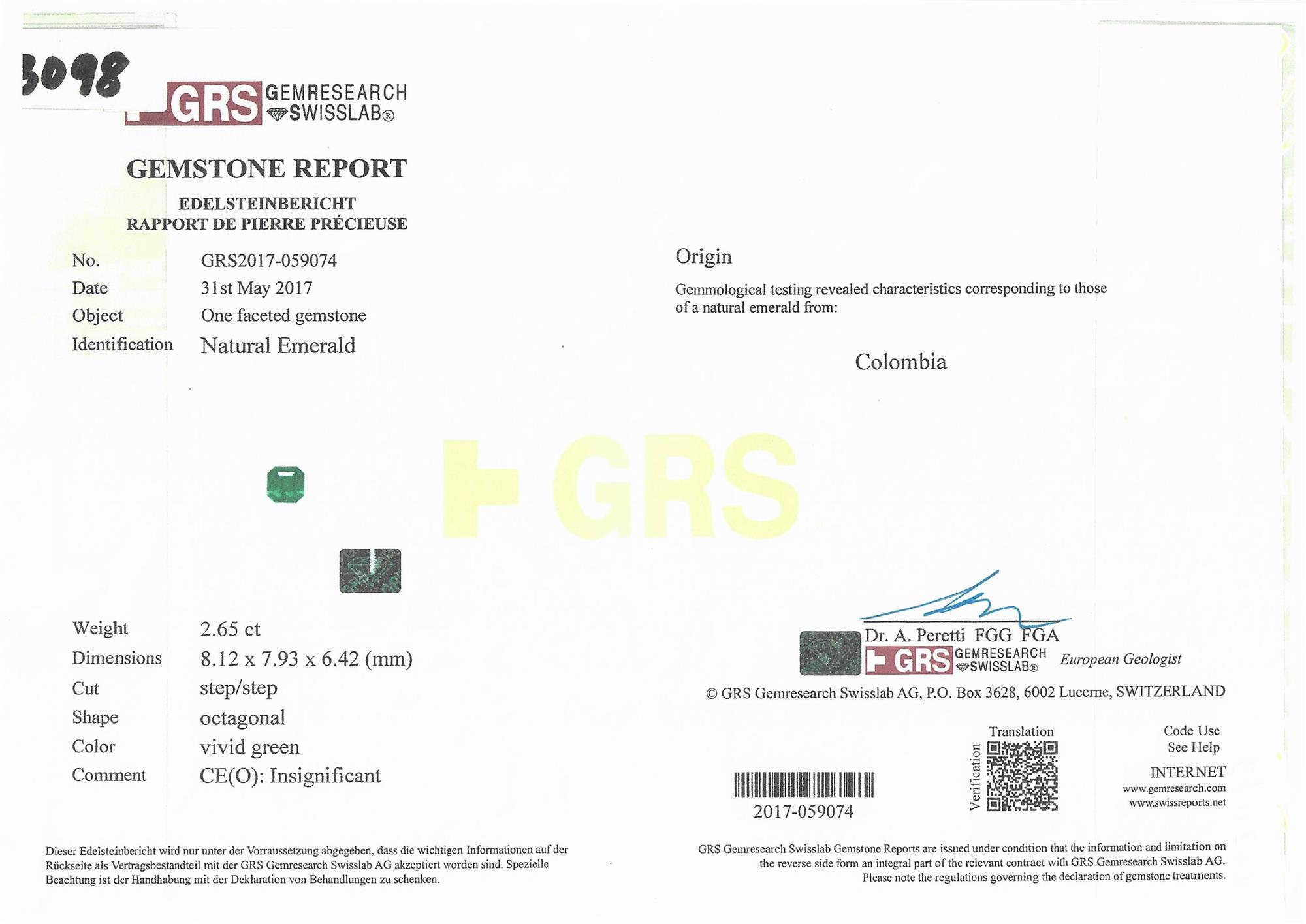 Accompanied by a GRS report numbered GRS2017-059074, dated 31 May 2017, stating that the 2.65 carat emerald is natural, of Colombian origin.
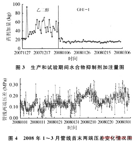 由于該天然氣水合物形成溫度較高(7.0MPa輸壓條件下的水合物形成溫度為18.60℃),投產初期井站節流閥、分離器等地面設備、生產管線及下游井站閥門、分離器、匯管和埋地管線經常發生水合物堵塞現象,特別是在氣溫較低的冬季。每次冰堵后只能采取熱水淋、放空泄壓、清管通球等措施解堵,每3~5d必須清管通球1次,每次清管發現管內有大量固體水合物。為保證該生產管線正常生產,從2005年12月21日開始,冬季生產過程中采取加注乙二醇防凍劑,每天間歇式加注45~60kg。
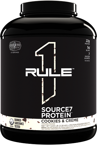 Rule1 Source7 Protein brings together seven premium proteins, decadent flavor, and velvety smooth texture in an easy-to-mix shake. Its exceptionally great taste – inspired by creamy gelato – is complemented by 22g of protein from a blend of faster, moderate, and slower digesting sources.
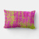 Ein reich strukturiertes abstrakte in den Farbtönen Chartreuse, Olivgrün, Himbeere, Rosa und Fuchsia macht dies zu einem auffälligen Kissen.
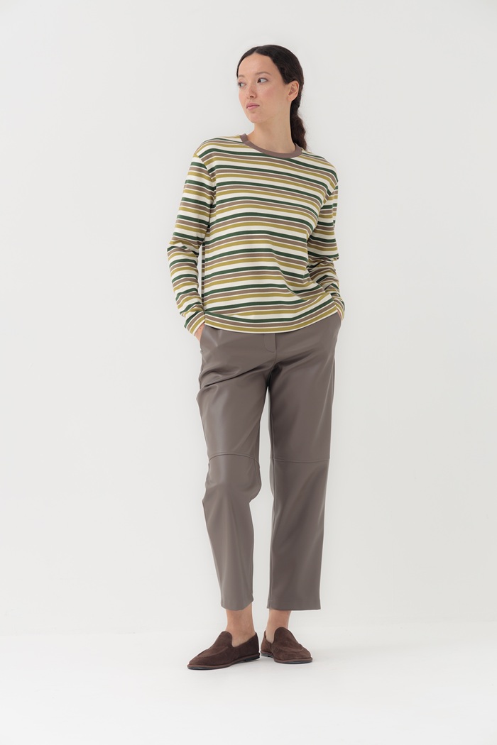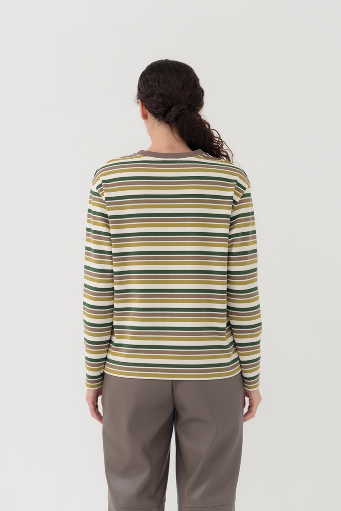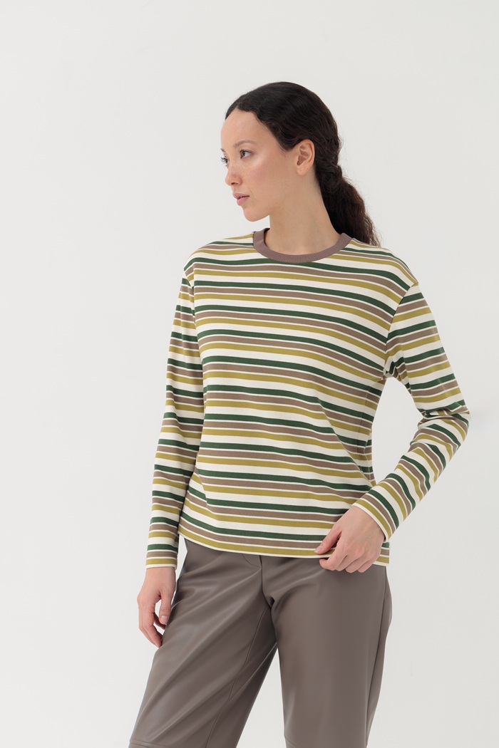 Эта блуза-лонгслив в полоску с длинными рукавами, выполненная из мягкого органического хлопкового футера, имеет классический крой и круглый вырез горловины. Такая блуза подойдет к большинству вещей в Вашем гардеробе

> INSTRUCTIONS FOR THE TASK: Please return the listing above exactly and leave every picture out.

> SOLUTION TO THE EXERCISE:
 Accompanied by a GRS report numbered GRS2017-059074, dated 31 May 2017, stating that the 2.65 carat emerald is natural, of Colombian origin.
 由于該天然氣水合物形成溫度較高(7.0MPa輸壓條件下的水合物形成溫度為18.60℃),投產初期井站節流閥、分離器等地面設備、生產管線及下游井站閥門、分離器、匯管和埋地管線經常發生水合物堵塞現象,特別是在氣溫較低的冬季。每次冰堵后只能采取熱水淋、放空泄壓、清管通球等措施解堵,每3~5d必須清管通球1次,每次清管發現管內有大量固體水合物。為保證該生產管線正常生產,從2005年12月21日開始,冬季生產過程中采取加注乙二醇防凍劑,每天間歇式加注45~60kg。
 Rule1 Source7 Protein brings together seven premium proteins, decadent flavor, and velvety smooth texture in an easy-to-mix shake. Its exceptionally great taste – inspired by creamy gelato – is complemented by 22g of protein from a blend of faster, moderate, and slower digesting sources.
 Ein reich strukturiertes abstrakte in den Farbtönen Chartreuse, Olivgrün, Himbeere, Rosa und Fuchsia macht dies zu einem auffälligen Kissen.
 Эта блуза-лонгслив в полоску с длинными рукавами, выполненная из мягкого органического хлопкового футера, имеет классический крой и круглый вырез горловины. Такая блуза подойдет к большинству вещей в Вашем гардеробе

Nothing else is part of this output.